FTR, I did this with both, and while one was a terrible sleeper, the other was great. They are 13 and 8 now and it goes by so fast, I'm glad I did it.
 
I'm not so sure I would hold the word of a woman who would bad mouth her sister in law on Facebook as Gospel. She sounds like a busy body with too much time on her hands. Maybe she should take up a hobby.[/QUO


From what I can find, It was posted in a private group on facebook. And then others posted it to their walls.

I'm still doing research on this. lol I don't want to "badmouth" someone if they don't deserve it, but I am still disturbed by this. (and some other personal blog posts, actually)

if it saves a baby, busybody all day long.
 
Eight weeks old is too young to let a child "cry it out." And I'm against the cry it out method, in general.

A child learns to self-soothe by being soothed by a parent. Here's an excellent article on the topic backed by research. It's worth reading if you're a parent or going to become a parent:

Dangers of “Crying It Out”: Damaging children and their relationships for the longterm
http://www.psychologytoday.com/blog/moral-landscapes/201112/dangers-crying-it-out

Someone on Huffington Post wrote this synopsis of the article...

In her recent piece for Psychology Today, Darcia Narvaez, an associate professor of psychology at Notre Dame, writes that when babies are stressed, their bodies release cortisol into their systems -- a toxic hormone that kills brain cells. Considering their brains are only 25 percent developed when they're born full-term and grow rapidly in their first year, killing off baby brain cells is a huge no bueno.
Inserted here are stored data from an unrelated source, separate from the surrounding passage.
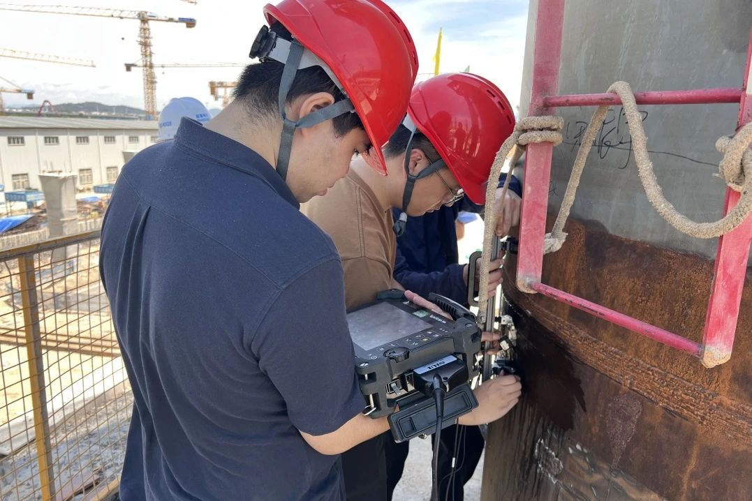 相控陣超聲檢測(cè)技術(shù)相比于傳統(tǒng)超聲檢測(cè)技術(shù),具有靈敏度和分辨率更高,缺陷顯示形象直觀,檢測(cè)結(jié)果可記錄,掃查覆蓋范圍大,掃查效率高等眾多優(yōu)點(diǎn)。福建建科院積極推進(jìn)相控陣超聲檢測(cè)技術(shù)的應(yīng)用研究,并在福州長(zhǎng)樂國(guó)際機(jī)場(chǎng)二期航站區(qū)工程等項(xiàng)目中實(shí)現(xiàn)應(yīng)用,取得了良好的試驗(yàn)效果。
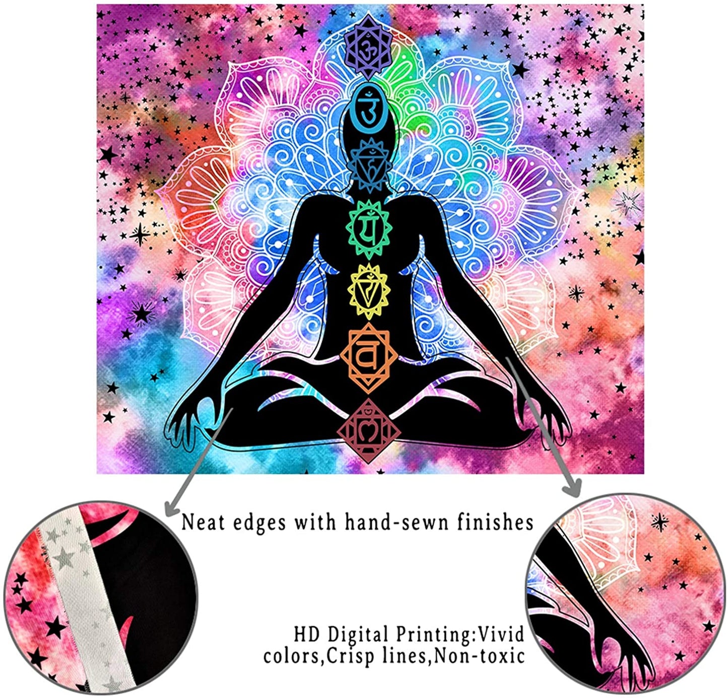 PREMIUM MATERIAL: Seven chakra tapestries is made from 100% polyester fabric, which is soft, durable, skin-friendly, no pungent smell, lightweight and easy to hang or pack away no matter for indoor and outdoor use. Suitable for 4 seasons.
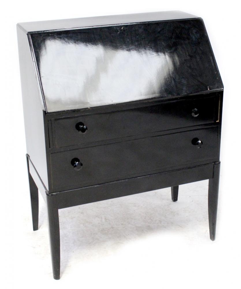 Lot 87 of 966: A contemporary Oriental-style black lacquer bureau, drop-down desktop with interior pigeonholes above two drawers to tapering block supports, 101 x 76cm.

Narvaez notes that studies out of Harvard, Yale, Baylor and other institutions show that said killing off of baby brain cells can lead to the higher probability of ADHD, poor academic performance and anti-social tendencies, and that human babies are hardwired for hands-on comfort and care.

"Babies are built to expect the equivalent of an 'external womb' after birth... being held constantly, breastfed on demand, needs met quickly," Narvaez writes. "These practices are known to facilitate good brain and body development. When babies display discomfort, it signals that a need is not getting met, a need of their rapidly growing systems."